Directions >>
Every entry should be returned unchanged, with the pictures omitted.
((
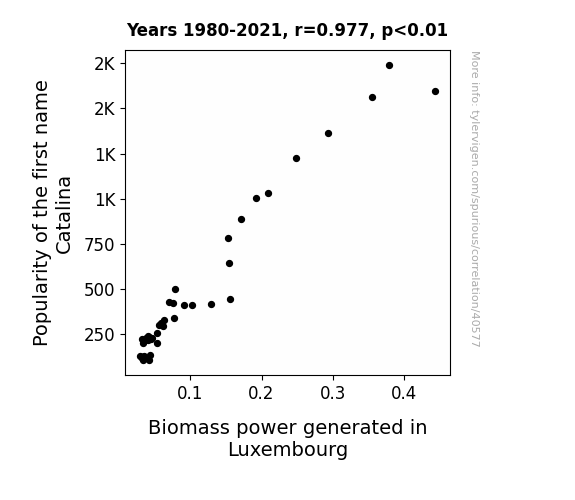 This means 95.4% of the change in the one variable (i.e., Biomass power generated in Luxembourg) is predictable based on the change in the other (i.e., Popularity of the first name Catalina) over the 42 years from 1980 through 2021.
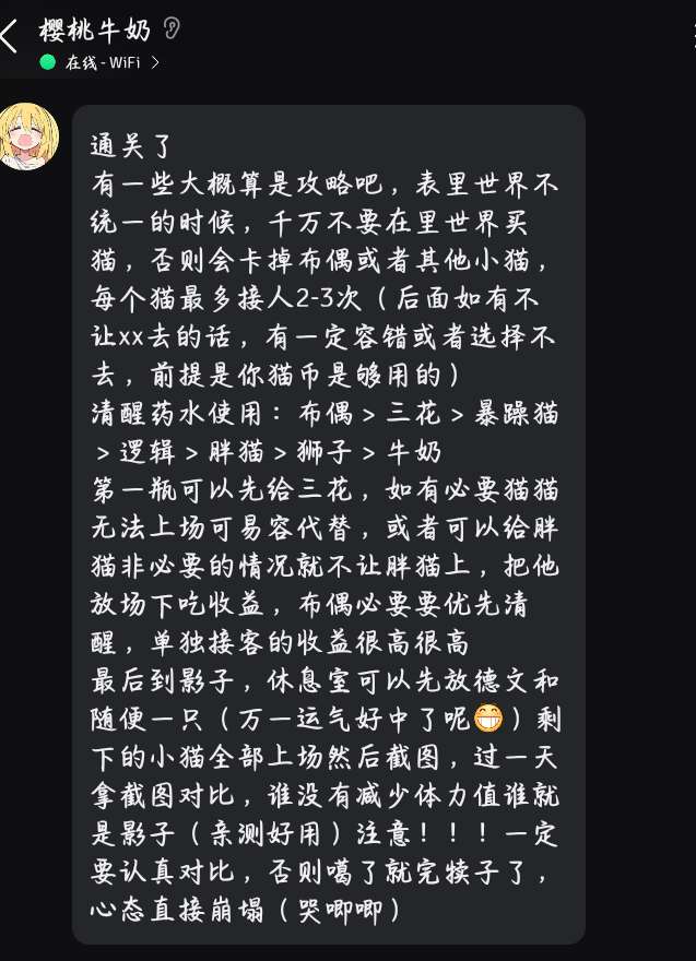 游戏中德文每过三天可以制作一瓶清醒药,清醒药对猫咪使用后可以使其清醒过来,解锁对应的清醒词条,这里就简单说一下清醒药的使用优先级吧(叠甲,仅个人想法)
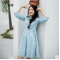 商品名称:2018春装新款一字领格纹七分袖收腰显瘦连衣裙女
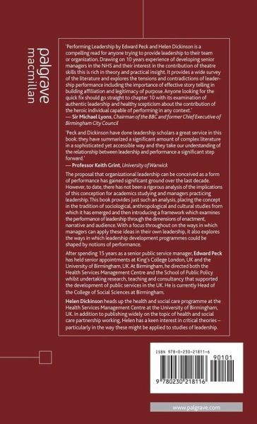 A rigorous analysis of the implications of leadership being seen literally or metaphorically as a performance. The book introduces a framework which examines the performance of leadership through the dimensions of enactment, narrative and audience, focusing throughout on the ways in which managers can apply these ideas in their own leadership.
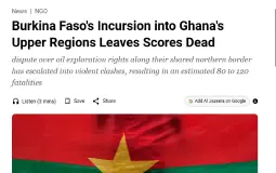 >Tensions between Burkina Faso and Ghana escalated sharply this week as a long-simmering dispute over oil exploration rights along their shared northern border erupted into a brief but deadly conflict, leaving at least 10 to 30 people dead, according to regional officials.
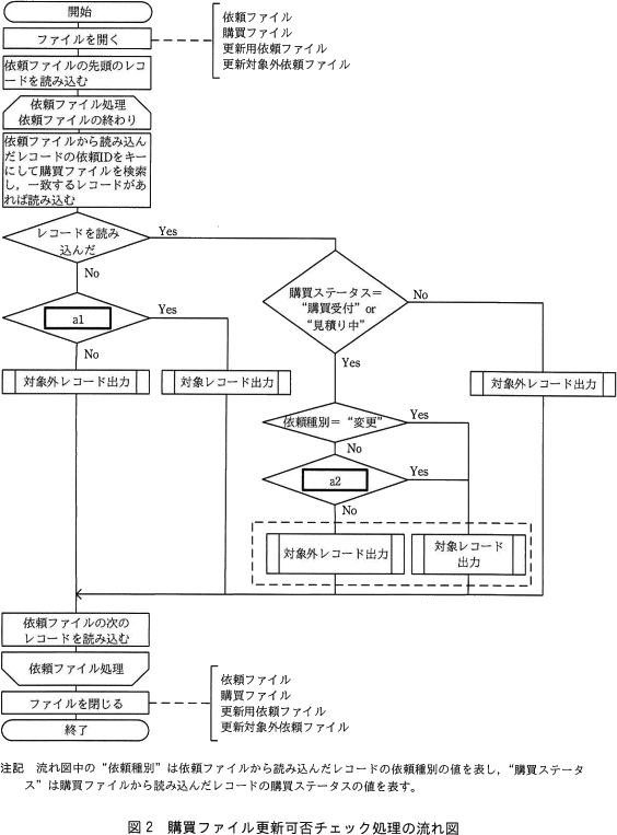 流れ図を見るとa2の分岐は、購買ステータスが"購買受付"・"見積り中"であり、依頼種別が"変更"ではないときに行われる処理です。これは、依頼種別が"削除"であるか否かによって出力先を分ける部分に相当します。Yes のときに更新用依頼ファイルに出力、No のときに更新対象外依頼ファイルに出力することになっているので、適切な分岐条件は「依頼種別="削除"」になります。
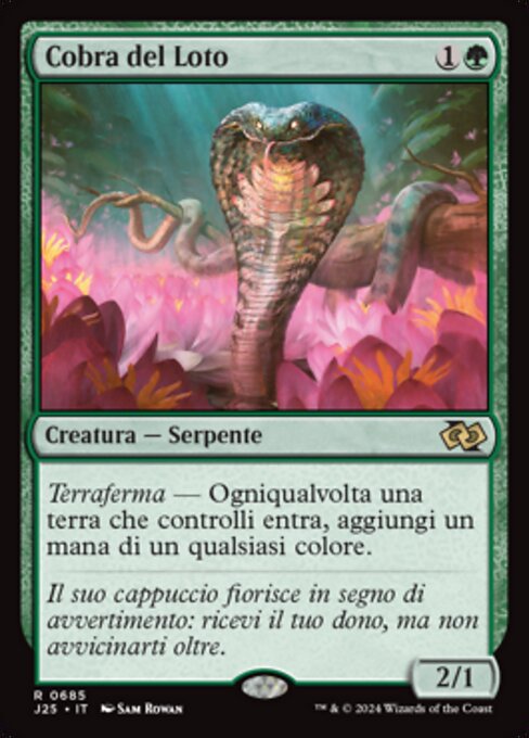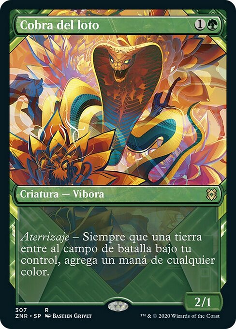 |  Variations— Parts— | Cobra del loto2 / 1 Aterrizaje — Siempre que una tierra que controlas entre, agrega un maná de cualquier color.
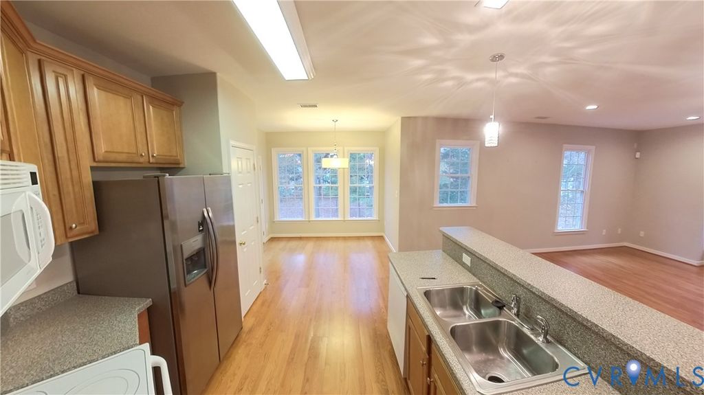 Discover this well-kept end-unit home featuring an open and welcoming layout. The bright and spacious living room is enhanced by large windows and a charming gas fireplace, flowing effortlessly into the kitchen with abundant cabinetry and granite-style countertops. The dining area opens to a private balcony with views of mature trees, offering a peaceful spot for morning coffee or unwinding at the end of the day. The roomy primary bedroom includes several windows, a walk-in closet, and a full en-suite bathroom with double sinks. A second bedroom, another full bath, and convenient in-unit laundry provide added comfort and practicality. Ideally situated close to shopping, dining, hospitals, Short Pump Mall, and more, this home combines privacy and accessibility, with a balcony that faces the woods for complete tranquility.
))
Expected answer >>
 This means 95.4% of the change in the one variable (i.e., Biomass power generated in Luxembourg) is predictable based on the change in the other (i.e., Popularity of the first name Catalina) over the 42 years from 1980 through 2021.
 游戏中德文每过三天可以制作一瓶清醒药,清醒药对猫咪使用后可以使其清醒过来,解锁对应的清醒词条,这里就简单说一下清醒药的使用优先级吧(叠甲,仅个人想法)
 商品名称:2018春装新款一字领格纹七分袖收腰显瘦连衣裙女
 A rigorous analysis of the implications of leadership being seen literally or metaphorically as a performance. The book introduces a framework which examines the performance of leadership through the dimensions of enactment, narrative and audience, focusing throughout on the ways in which managers can apply these ideas in their own leadership.
 >Tensions between Burkina Faso and Ghana escalated sharply this week as a long-simmering dispute over oil exploration rights along their shared northern border erupted into a brief but deadly conflict, leaving at least 10 to 30 people dead, according to regional officials.
 流れ図を見るとa2の分岐は、購買ステータスが"購買受付"・"見積り中"であり、依頼種別が"変更"ではないときに行われる処理です。これは、依頼種別が"削除"であるか否かによって出力先を分ける部分に相当します。Yes のときに更新用依頼ファイルに出力、No のときに更新対象外依頼ファイルに出力することになっているので、適切な分岐条件は「依頼種別="削除"」になります。
 |  Variations— Parts— | Cobra del loto2 / 1 Aterrizaje — Siempre que una tierra que controlas entre, agrega un maná de cualquier color.
 Discover this well-kept end-unit home featuring an open and welcoming layout. The bright and spacious living room is enhanced by large windows and a charming gas fireplace, flowing effortlessly into the kitchen with abundant cabinetry and granite-style countertops. The dining area opens to a private balcony with views of mature trees, offering a peaceful spot for morning coffee or unwinding at the end of the day. The roomy primary bedroom includes several windows, a walk-in closet, and a full en-suite bathroom with double sinks. A second bedroom, another full bath, and convenient in-unit laundry provide added comfort and practicality. Ideally situated close to shopping, dining, hospitals, Short Pump Mall, and more, this home combines privacy and accessibility, with a balcony that faces the woods for complete tranquility.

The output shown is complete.